This lioness will go out hunting for Labour’s next victory, says Caroline Flint

The personal is clearly political for Caroline Flint, Labour’s shadow energy and climate change secretary who is seeking to succeed Harriet Harman as deputy leader of the party. Her opening campaign message to party members was, ‘You may think you know me’, and it continued: ‘Going to university was not my destiny. It was an escape. By my mid-twenties I was on my own with two children under two. I know what it’s like to be on benefits, to worry about money, to need a job, childcare and a secure roof over your head.’

When asked if there are too few people in the Labour party who, in Flint’s words, ‘know what it’s like to need a Labour government’, she agrees that, ‘I don’t think there’s enough of us at the top of the Labour party, for sure.’ And for those who have made it there, ‘We don’t do enough actually to talk about where we’ve come from and why we got into the Labour party – particularly for those of us who didn’t learn their politics out of a book or dinner-table discussions with the proud and the good of the Labour movement.’

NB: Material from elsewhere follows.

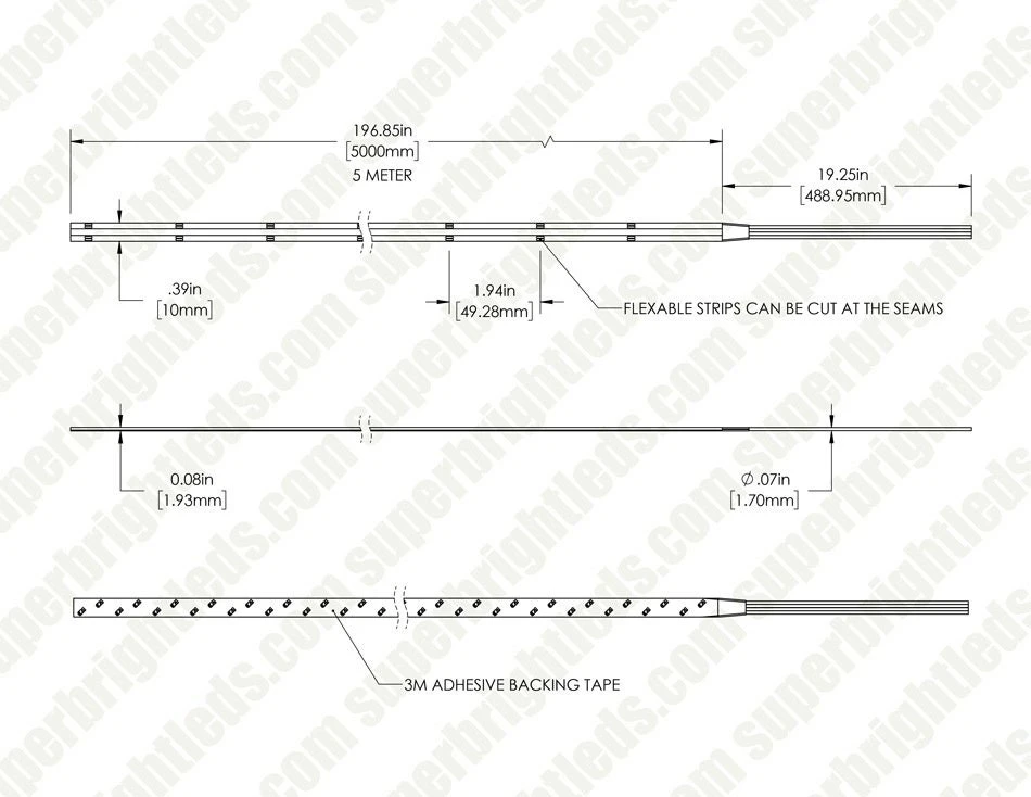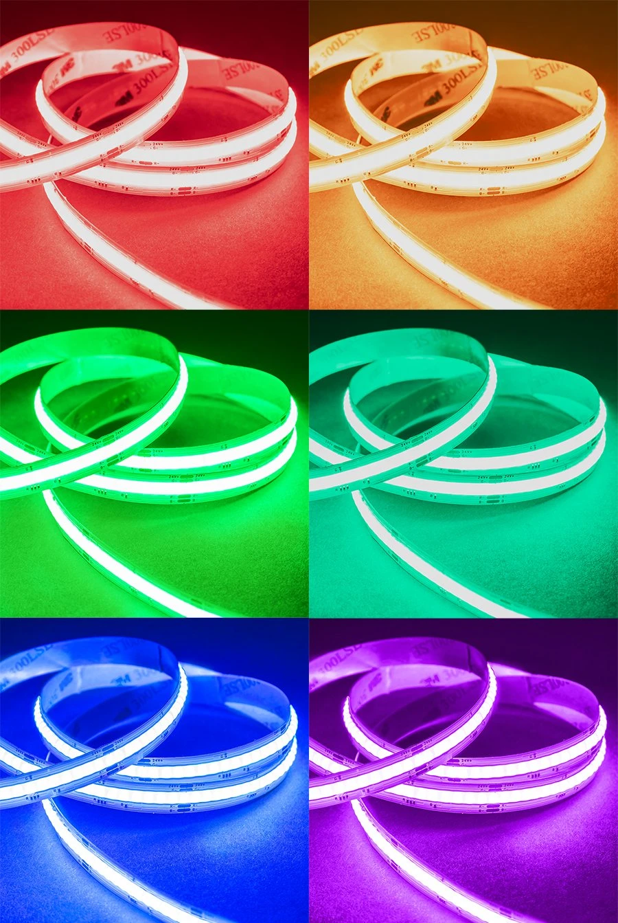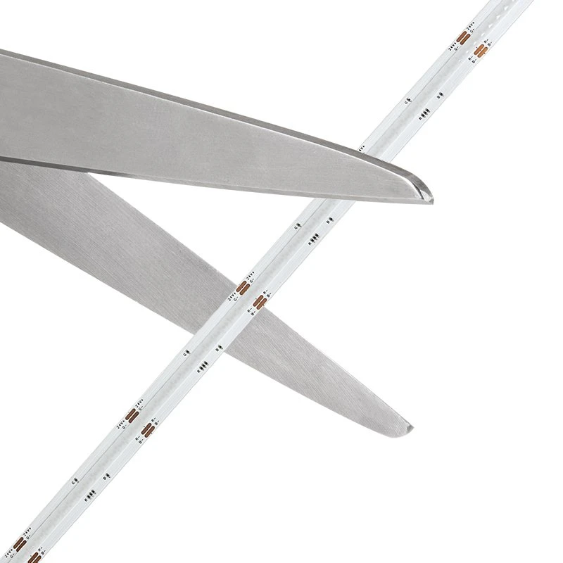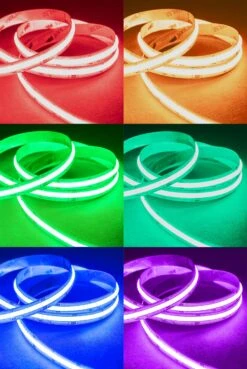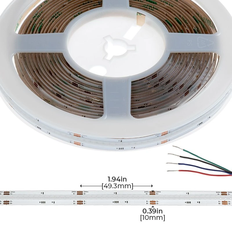 The 5m RGB COB LED Strip Light uses chip-on-board technology to create a smooth, seamless line of light. Using a high density of LEDs, the COB strip light produces a continuous linear light without hotspots, ideal for applications on or around reflective surfaces such as granite countertops and tile floors. The strip provides a range of vibrant RGB lighting to any indoor application. Easily customize the strip using the cut segments every 1.97 inches. Flexible construction and 3M™ adhesive backing make it easy to install, including on round surfaces and edges. Pair with a controller (sold separately) to customize color tone and settings.

Flint is a familiar face to many party members and the wider public, having been the spokesperson regularly sent in to bat for Labour over the course of the last parliament. Reflecting on that time, the former minister recalls, ‘On a personal level, I have absolutely devoted the last five years to doing what I can to help the Labour party … I am the person who was at every single one of those flippin’ spin room debate things. I have been the person, more than anybody else, to go on Question Time – from any political party – over the last five years, and that’s because I’ve always been someone that’s seen it as part of my responsibility given the privileged position that I’m in to go out and fight for our party and to give confidence to our members.’

Even so, despite the member of parliament for Don Valley’s 18 years in the House of Commons, the campaign for Labour’s number-two job has been something of a ‘getting to know you’ experience. ‘Even in the hustings, party members who’ve seen me on Question Time countless times, they’ve had no idea. [I am] the daughter of a lone parent. [I had] quite challenging things to deal with in my childhood and teens, but I think it sort of helps you to understand about my politics and my values. For people who aren’t that close to politics [they have been] thinking, “Wow, God, I didn’t know that about her”.’

Flint has the self-assurance to talk about the ‘no go’ issues – social security being one of the trickiest areas for any Labour leadership team to navigate. But she is unafraid to spell out her views: ‘Look, I think there is a need for welfare reform. I don’t think the welfare system is working for people. I see enough of it in my own constituency to think that, actually, some people could get better support and better help to get off the dole queues into work.’ The practical, rather than the theoretical, is a source of strength in guiding such debates. ‘I don’t think the services are good enough at the moment for them and I suppose when I’ve said things like that people have come back to me saying, “How could you say that?” Well, you know, I say it because I’ve been on benefits. There were no tax credits. There was no childcare help for me. It was hard and I think I know something about what’s it like to worry about money and want to find a way back into a situation where you can look after yourself and your family. So, I’m not going to take any lectures from people about somehow the fact that we think that some things could be reformed while at the same time opposing some things [done by] this government, [that this] is somehow not part of being a democratic socialist.’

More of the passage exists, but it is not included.